You are viewing a plain text version of this content. The canonical link for it is here.
Posted to common-commits@hadoop.apache.org by jo...@apache.org on 2008/11/24 12:28:49 UTC
svn commit: r720168 - in /hadoop/core/trunk: CHANGES.txt
src/contrib/fairscheduler/src/java/org/apache/hadoop/mapred/FairScheduler.java
src/contrib/fairscheduler/src/test/org/apache/hadoop/mapred/TestFairScheduler.java
Author: johan
Date: Mon Nov 24 03:28:48 2008
New Revision: 720168
URL: http://svn.apache.org/viewvc?rev=720168&view=rev
Log:
HADOOP-4666. Launch reduces only after a few maps have run in the Fair Scheduler. (Matei Zaharia via johan)
Modified:
hadoop/core/trunk/CHANGES.txt
hadoop/core/trunk/src/contrib/fairscheduler/src/java/org/apache/hadoop/mapred/FairScheduler.java
hadoop/core/trunk/src/contrib/fairscheduler/src/test/org/apache/hadoop/mapred/TestFairScheduler.java
Modified: hadoop/core/trunk/CHANGES.txt
URL: http://svn.apache.org/viewvc/hadoop/core/trunk/CHANGES.txt?rev=720168&r1=720167&r2=720168&view=diff
==============================================================================
--- hadoop/core/trunk/CHANGES.txt (original)

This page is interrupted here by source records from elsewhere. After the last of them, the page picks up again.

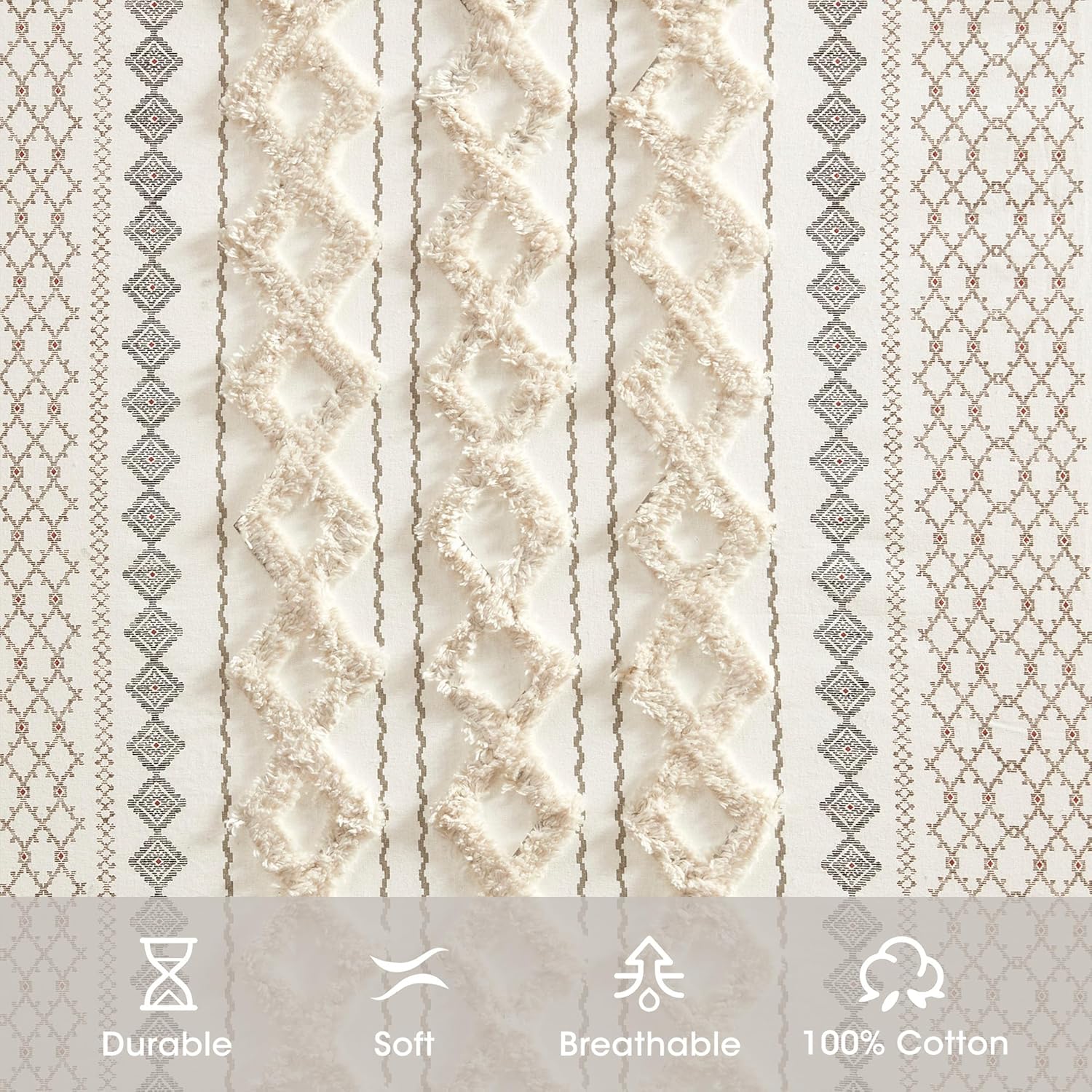 The INK+IVY Imani Cotton Printed Window Panel with Chenille Stripe and Lining offers a chic and casual update to your home. This ivory window panel features a geometric print with a tufted chenille stripe trim, for a textured artisanal look and feel. A lightweight white cotton lining on the reverse softly filters light, while providing better drapability and added privacy. In addtition, this 100% cotton curtain panel is also OEKO-TEX certified for superior COMFORT and WELLNESS, as they are free from any substances or chemicals that may compromise quality. Each panel is finished with a rod pocket top for easy hanging, and back tabs for a more clean and tailored finish. This window panel is sold as a single and 2 window panels must be purchased to cover any standard size window. Complete the look with coordinating bedding sets and bath decor, available and sold separately.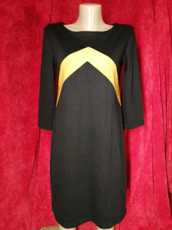 Чорне плаття з жовтою вставкою спереду і ззаду. Рукав 3/4. Досить щільне. Заміри : довжина виробу по спинці 87 см, плечі 39 см, напівобхват грудей 44 см, 48 см, низ виробу 51.5 см, довжина рукава 43 см, внутрішній шов 31.5 див. Одягалось може 2 рази.
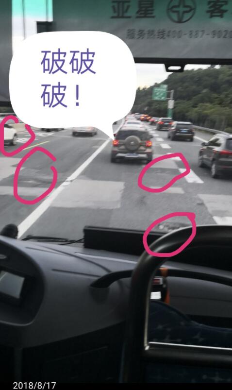 市民syh19667288于6月17日在深圳論壇發(fā)帖《梅觀高速,你的路面質(zhì)量不如我家小縣城啊》,用一組經(jīng)過標(biāo)注的照片展示了梅觀高速路多處路面破損的情況。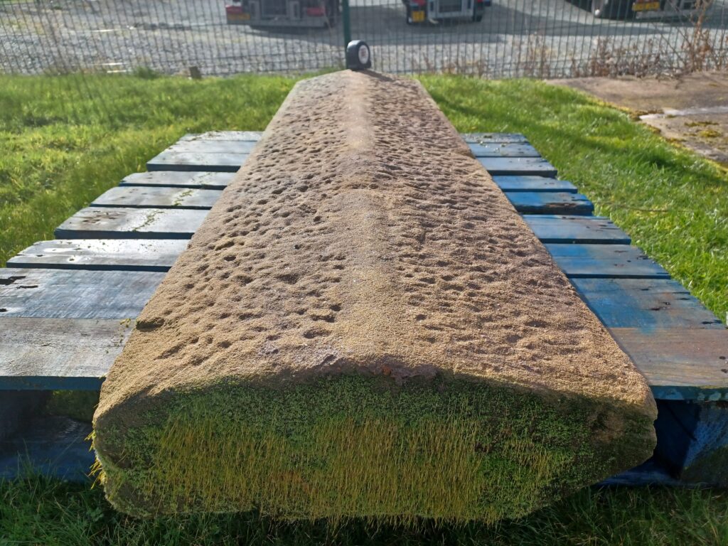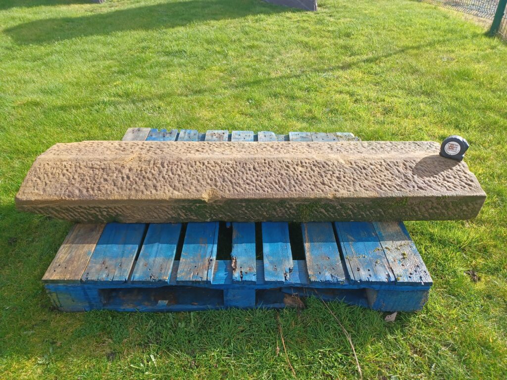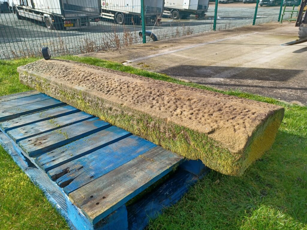 You are viewing this lovely York stone triangular tooled coping that measures 64″ long by 16″ wide by around 6″ thick that has been reclaimed from a large local property to us.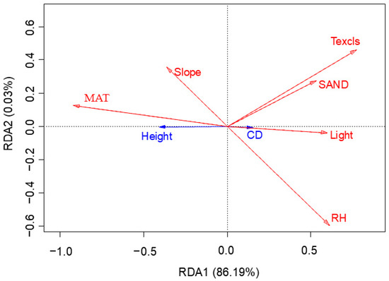 The overall model performance was statistically significant (p < 0.05), with the first axis of the RDA explaining a significant proportion of variance (p < 0.05), indicating robust structural constraints within the dataset. RDA triplot (Figure 3) revealed coordinated variations between plant height, crown diameter, and environmental drivers (red vectors: environmental factors; blue vectors: morphological traits). The first two axes collectively explained 86.22% of the variance (RDA 1: 86.19%, RDA 2: 0.03%). Multiple environmental factors synergistically shaped the morphological plasticity of K. compacta (Table 4), an endemic cushion plant in the Tibetan antelope Pantholops hodgsonii breeding grounds of the western Kunlun Mountains. This unique alpine environment has driven evolutionary adaptations in K. compacta’s architecture. Highly significant positive correlation (p < 0.001) with plant height shows dwarfing (reduced vertical growth) but expanded crown diameter under colder conditions. In summary, MAT exhibited additive interactions, jointly regulating the allometric balance between height and crown diameter investment.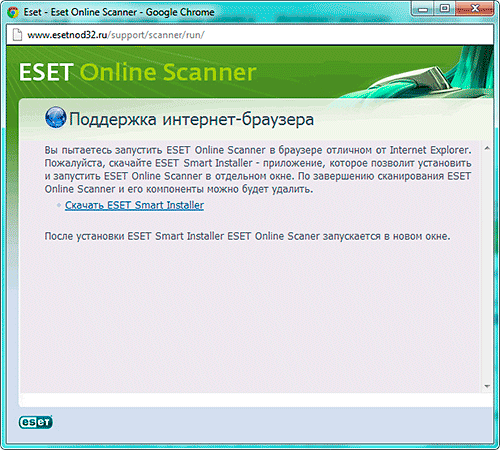После этого откроется окно, в котором вам предложат скачать ESET Smart Installer

+++ hadoop/core/trunk/CHANGES.txt Mon Nov 24 03:28:48 2008
@@ -125,6 +125,9 @@
HADOOP-4640. Adds an input format that can split lzo compressed
text files. (johan)
+
+ HADOOP-4666. Launch reduces only after a few maps have run in the
+ Fair Scheduler. (Matei Zaharia via johan)
OPTIMIZATIONS
Modified: hadoop/core/trunk/src/contrib/fairscheduler/src/java/org/apache/hadoop/mapred/FairScheduler.java
URL: http://svn.apache.org/viewvc/hadoop/core/trunk/src/contrib/fairscheduler/src/java/org/apache/hadoop/mapred/FairScheduler.java?rev=720168&r1=720167&r2=720168&view=diff
==============================================================================
--- hadoop/core/trunk/src/contrib/fairscheduler/src/java/org/apache/hadoop/mapred/FairScheduler.java (original)
+++ hadoop/core/trunk/src/contrib/fairscheduler/src/java/org/apache/hadoop/mapred/FairScheduler.java Mon Nov 24 03:28:48 2008
@@ -48,7 +48,6 @@
"org.apache.hadoop.mapred.FairScheduler");
protected PoolManager poolMgr;
-
protected LoadManager loadMgr;
protected TaskSelector taskSelector;
protected WeightAdjuster weightAdjuster; // Can be null for no weight adjuster
@@ -60,6 +59,7 @@
protected boolean useFifo; // Set if we want to revert to FIFO behavior
protected boolean assignMultiple; // Simultaneously assign map and reduce?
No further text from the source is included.